In America most people would say that welfare recipient income level would count and I would agree. In order to qualify for government assistance in the United States an annual income of about $12,000 is required; make more than the and you’re on your own. Those in generous places would place the upper number of the poverty stricken at $20,000; a far cry from the number that earns assistance.

But let’s be even more generous. In my town of Jacksonville, Florida owning a car is imperative. Our public transportation totally sucks making it virtually unusable. Understand I lived in London for two years and never once drove a car. I love public transportation and I have tried to use it in Jax; not even remotely reasonable. Another necessity that would seem luxury is the internet. My daughters high school text books at her *free public school* are all on-line; any kid not having home access to the internet is totally screwed.

So for our more generous poverty outlook let’s draw the upper poverty line at $30,000. Now we have a new problem. Credibility. Are our numbers credible? Can a family actually live just above our poverty line? I mean, I know lots, and lots of people who say that families can if they choose wisely. Of course those same people spend our upper poverty line on entertainment every year. So I don’t think we’ll be trusting them. How about me then? I’m a reasonable globally minded activist, what do I think? I think our upper limit, generous as it may seem, is a might low. But how low?

To verify my numbers I went where you would go; the internet.

And I found precisely squat.

I found no current numbers.

I found no accepted, monetary definitions.

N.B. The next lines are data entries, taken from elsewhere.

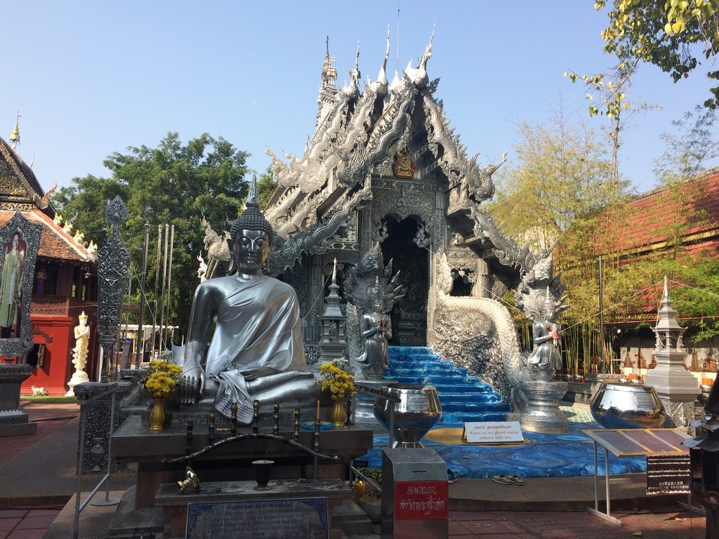 Esse é um dos templos pouco conhecidos pelos turistas, mas que vale a vista por ostentar o título de único Templo Prata da Tailândia. A construção é muito bonita por fora, mas como não é permitida a entrada de mulheres no interior, não sei dizer sobre o altar.
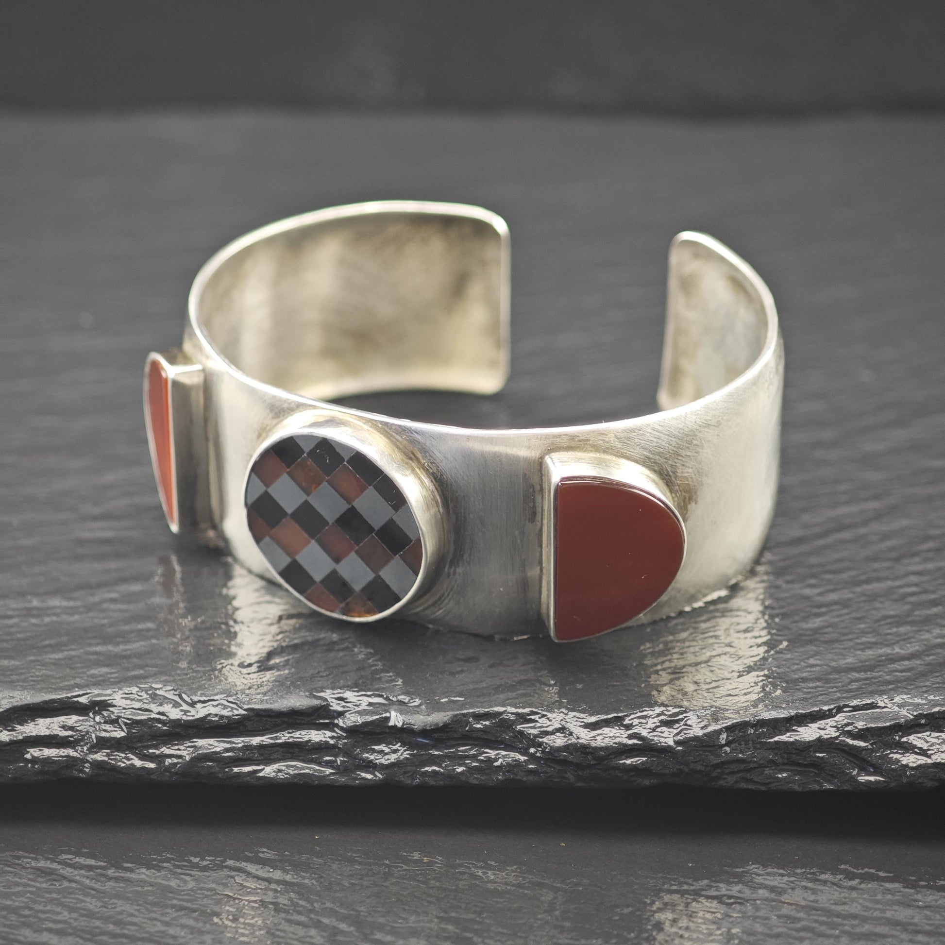 GFMW Mid Century Silver Cuff Bracelet Carnelian Checkered Sterling
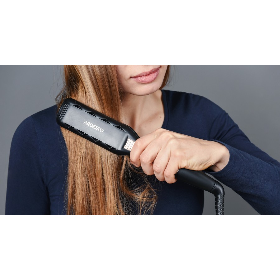 Запас потужності в 65 Вт і розумна система нагрівання легко впораються з різним типом волосся, а унікальна конструкція нагрівального елементу дозволить працювати як з вологими, так і з сухим волоссям. За допомогою плойки HS-612 можна створити зачіску з ефектом гофре і візуально збільшити об'єм волосся. Для дбайливого догляду за ослабленим волоссям передбачено три температурні режими - 110°C, 165°C, 215°C. Автоматичне вимкнення щітки розраховане на 60 хвилин.
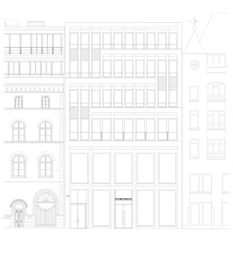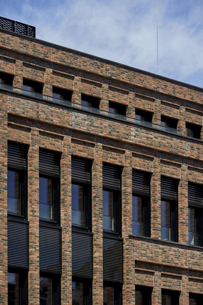 Die reiche Architektursprache der Umgebung mit ihren traditionellen Backsteinbauten findet sich in den Fassaden des Neubaus wieder. Raumhohe Fenster mit dezenten Rahmen aus eloxiertem Aluminium strukturieren die Oberflächen. In den Obergeschossen werden zusätzlich dezente Glasbrüstungen als Elemente französischer Fenster eingeführt.
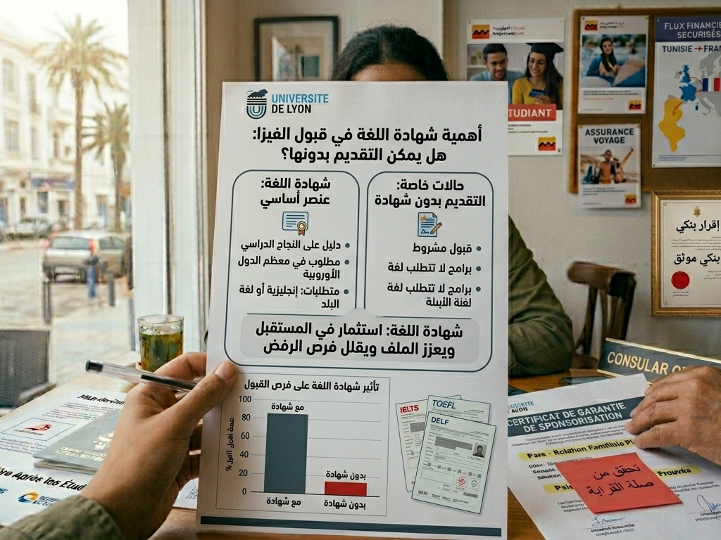 أهمية شهادة اللغة في قبول الفيزا: هل يمكن التقديم بدونها؟ by admin مرايا فكرية تُعتبر شهادة اللغة من العناصر الأساسية في ملف التأشيرة، خاصة في الدول الأوروبية. فهي دليل على قدرة الطالب على متابعة دراسته بنجاح.في معظم الحالات، يُطلب تقديم شهادة مثل الإنجليزية أو لغة البلد. عدم توفر هذه الشهادة قد يؤدي إلى رفض الطلب، حتى لو كان القبول الجامعي موجودًا.ومع ذلك، هناك بعض الحالات التي يمكن فيها التقديم بدون شهادة لغة، مثل الحصول على قبول مشروط، أو الدراسة في برامج لا تتطلب لغة في البداية.لكن رغم ذلك، تبقى شهادة اللغة عاملًا مهمًا يعزز الملف ويزيد من فرص القبول بشكل كبير.لذلك، يُنصح الطلاب التونسيون بالاستعداد مسبقًا واجتياز اختبار لغة معترف به، لأنه يمثل استثمارًا حقيقيًا في مستقبلهم الدراسي.
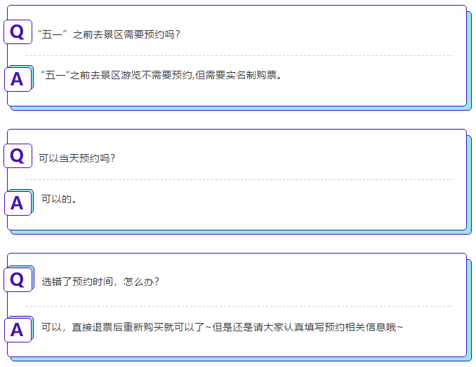 “五一”假期期間,景區(qū)實行分時段實名預約游覽制度,所有游客需網(wǎng)上預訂門票:

I didn’t even find any sources that would point to other sources that would in turn reference anyone that could tell me what the face of poverty looks like globally in the year 2011.

Which quite frankly pissed me off. I mean how can we possibly fight a battle against an enemy that can’t even be googled? Ridiculous.

So I took another tack.

To find out what actual poverty looks like I did my own research. I live in Jacksonville, Florida, USA. Our city has one of the lowest costs of livings in the entire country which means that real time research here should give a reasonable baseline for the rest of the country. What about your country? You’ll have to do that research on your own then plug your numbers into my theories; we’ll still be on the same track. Right now I’m going to set up our model.

Let’s start with the accepted concept of American Middle Class. Now this one was googlable. In the US you are considered middle class if you have an annual income between $25,000 and $100,000. If you live outside the US this may not get your attention. If you live anywhere, and I do mean anywhere in the US you may be making any number of faces right now.

Let me give you some numbers. No, not those kinds of numbers. If you want those kinds of numbers I’ve included them at the end so as not to numb any minds.

The first number is the amount of money it takes to feed a family of three (my family size) in the US. To get this number unbiased I asked my 15 year old daughter for help. I told her that I needed to research food prices and wanted her to give me any meal that we make at home as a starting point. After much, forehead scrunching and drooling (baby girl loves to eat) she gave me the perfect meal.

The meal is a cabbage based, sautéed veg, wrap that we’ve concocted over the last year. It’s perfect because our recipe makes enough for leftovers; the whole recipe will feed three for one whole day. It’s also perfect because there aren’t a lot of staple kind of foods in it so I could fairly just figure in the whole salt container; no nasty computations to figure how much of that salt container we actually used. Again, the actual numbers are at the bottom, but what I came up with as our food base was that one day of food for a family of three in our city cost $25.77.

$25.77 for one day’s food for a family of three seems reasonable. That makes one month $721.56 which makes one year $8658.72. Here’s where my face starts to twitch because I know from reality that the lowest cost of housing for my family of three is $750.00 a month; annual cost $9,000. Add just food and housing together for the year and you have $17,658.72. So according to the internet Middle Class America starts at $25,000 a year, which leaves a whopping $7,341.28 left to do everything after food and housing.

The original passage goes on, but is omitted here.